* [EXERCISE DESCRIPTION]: Please repeat, precisely as written, only the lines from the one containing "Earth day par" through the last line of the records below, pictures omitted.

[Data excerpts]
====

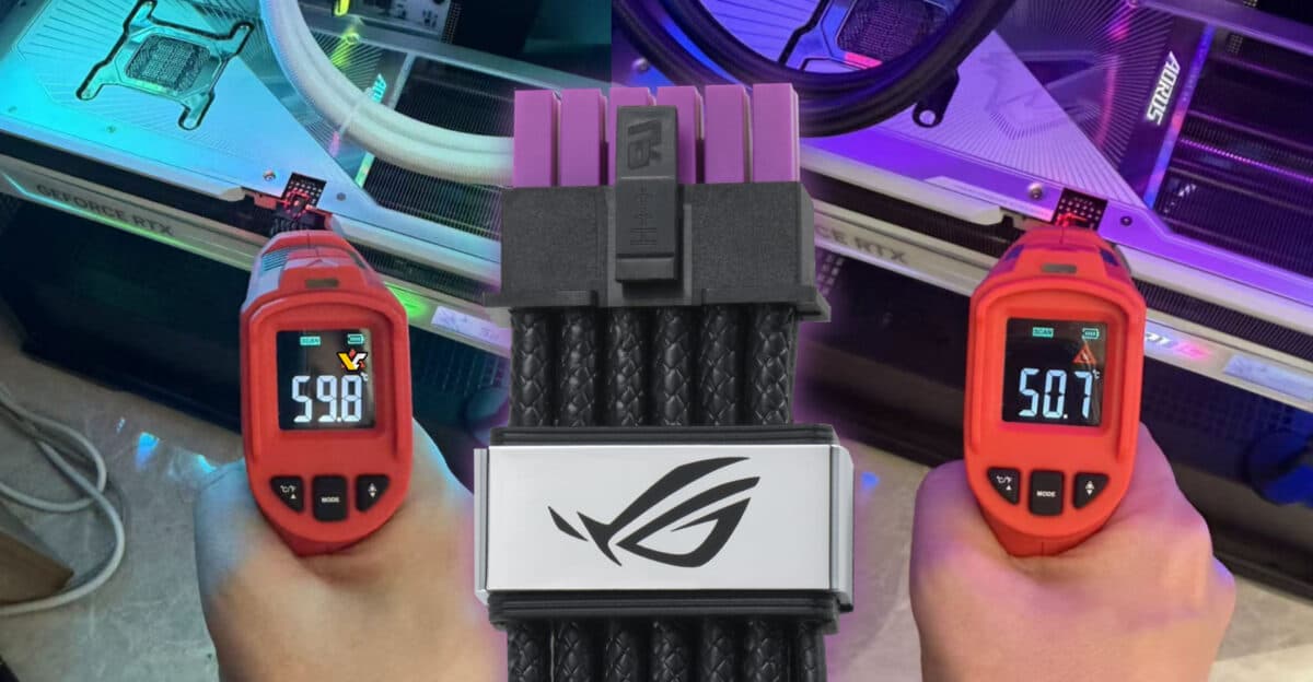 В Сети появился первый пользовательский тест нового кабеля Asus ROG Equalizer, который должен снизить риски возникновения проблем с разъёмом питания 12v-6x2. Напомним, кабель не имеет каких встроенных датчиков, но благодаря своей конструкции способен выдерживать ток до 17 А вместо примерно 9 А у обычных кабелей.
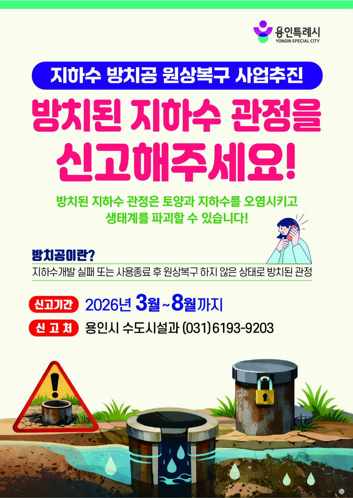 [금요저널] 용인특례시는 장기간 방치된 관정으로 인한 지하수 오염을 예방하기 위해 ‘지하수 방치공 원상복구 지원사업’을 추진한다고 5일 밝혔다.
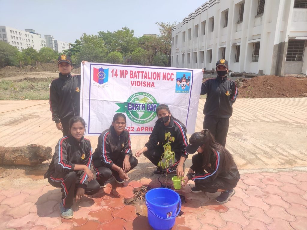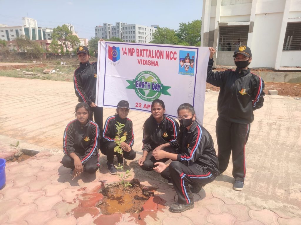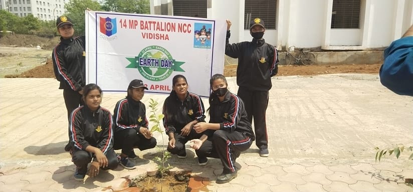 Earth day par goverment girls college vidisha me ncc Cadets ne plantation kiya
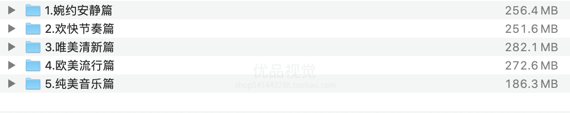 此套为340首婚礼后期剪辑音乐包,包含5组风格,曲风丰富,可以很好的解决婚礼后期找不到音乐的问题。
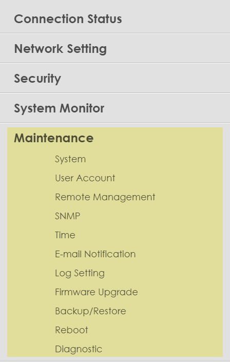The Maintenance menu gives you a number of settings and actions that help keep your modem running well over time, including these options:
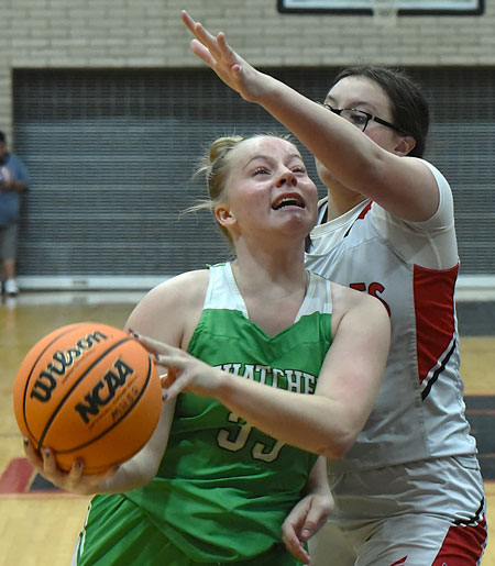 Raymundo Frasquillo Photo/Gila Herald: Taylor Henrie (33) draws a foul from Morenci sophomore Arisela Salazar, her fifth, as she drives to the basket. The Thatcher junior totaled two points, and Salazar did not score.

====

* [ANSWER BELOW]:
 Earth day par goverment girls college vidisha me ncc Cadets ne plantation kiya
 此套为340首婚礼后期剪辑音乐包,包含5组风格,曲风丰富,可以很好的解决婚礼后期找不到音乐的问题。
The Maintenance menu gives you a number of settings and actions that help keep your modem running well over time, including these options:
 Raymundo Frasquillo Photo/Gila Herald: Taylor Henrie (33) draws a foul from Morenci sophomore Arisela Salazar, her fifth, as she drives to the basket. The Thatcher junior totaled two points, and Salazar did not score.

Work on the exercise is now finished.